This black-figure belly amphora depicts hoplites — heavily-armored Greek infantry — flanked by lions and sphinxes in the characteristic decorative-narrative composition of Attic black-figure pottery of the mid-sixth century BCE. The vase is one of the canonical sources for the iconography of the hoplite warrior: the round shield (hoplon, ~90 cm bronze), the Corinthian helmet covering the face, the bronze cuirass, the greaves at the shins, the spear.
The hoplite warrior was the citizen-soldier of the Greek city-states from approximately the 8th to the 4th century BCE. The hoplite formation — phalanx of overlapping shields, eight ranks deep — was the dominant infantry tactic of the Greek world; it produced the victories at Marathon (490 BCE), Thermopylae (480 BCE), Plataea (479 BCE), and Salamis (480 BCE) that defeated the Persian invasions and that — in the historical narrative of the West — established the precedent of citizen-armies defending free constitutional cities.

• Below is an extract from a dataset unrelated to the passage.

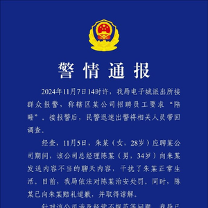 针对网传“女子试岗第一天称遭‘陪睡’暗示”信息,警方高度重视,已第一时间介入调查,后续将依据调查结果依法处理。
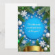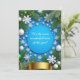 Ljus juldekoration med tallgrenar, snöflingor, ornament och ett gyllene band. Designen utstrålar högtidlig julstämning och ger en perfekt bakgrund för säsongsrelaterade hälsningar eller glada firandelayouter.

The amphora is in the Archaeological Museum of Rhodes. The black-figure technique — figures painted in slip that fires black against the red-orange Attic clay, details incised with a sharp tool — was developed in Corinth in the 7th century BCE and refined at Athens by the workshop of Sophilos and the Amasis Painter through the 6th century. The amphora is the canonical commercial vessel of Mediterranean trade in this period; ten thousand of them have been excavated from contexts across the Mediterranean and Black Sea trading network.